A new Doppler method for assessing left ventricular diastolic stiffness based on principles of flow wave propagation: mathematical basis and review of the method
- PMID: 8261154
A new Doppler method for assessing left ventricular diastolic stiffness based on principles of flow wave propagation: mathematical basis and review of the method
Abstract
Color flow imaging shows that the transmitral flow is initially directed to the left ventricular (LV) apex and then turns around facing the aortic valve. A pulsed wave Doppler sample placed in the LV outflow tract (LVOT) records two peaks of diastolic flow waves, Er and Ar waves, which follow E and A waves of the transmitral flow respectively. The Er and Ar waves represent transmitted E and A flow waves to the LVOT. Our preliminary clinical and hemodynamic data in human subjects have shown that the A-Ar interval, which is the time taken for the A velocity wave to propagate from the mitral valve to the LVOT, is shorter in those with LV hypertrophy (LVH), the aged and those with elevated LV late diastolic stiffness, suggesting faster A wave transmission in those with stiffer ventricles.
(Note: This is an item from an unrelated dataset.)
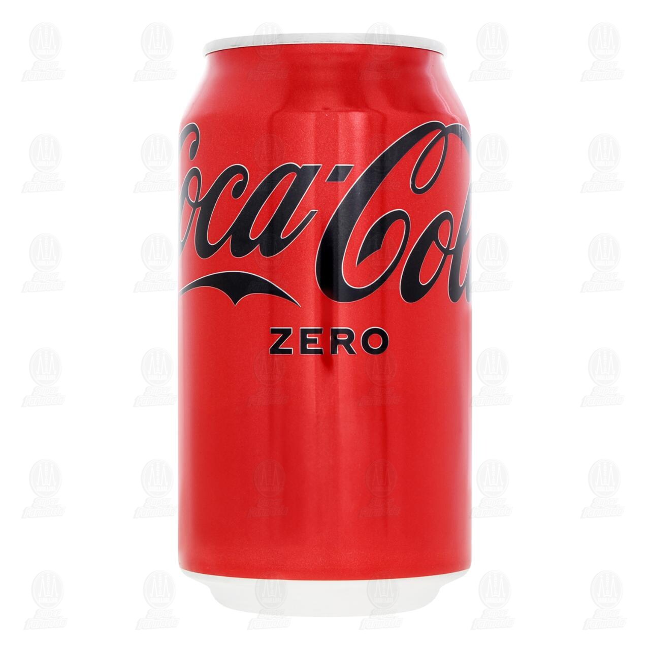 Refresco Coca-Cola Zero sin azúcar, ideal para disfrutar frío y acompañar tus comidas. Lata con 355 mililitros.

We also have shown that velocity and pressure waves propagate similarly in the arterial system. This led to the hypothesis that the A wave transmission inside the LV may follow the principles described in the Moens-Korteweg equation, or a modification of it, and the velocity of A wave transmission inside the LV may reflect its late diastolic stiffness. Studies designed to test this hypothesis in a pulsatile LV model showed a linear relationship between the rate of diastolic flow wave propagation inside the LV and its stiffness. These preliminary data suggest that the velocity of A wave transmission inside the LV reflects LV late diastolic stiffness non-invasively. It is expected to be independent of a direct effect of heart rate and of preload.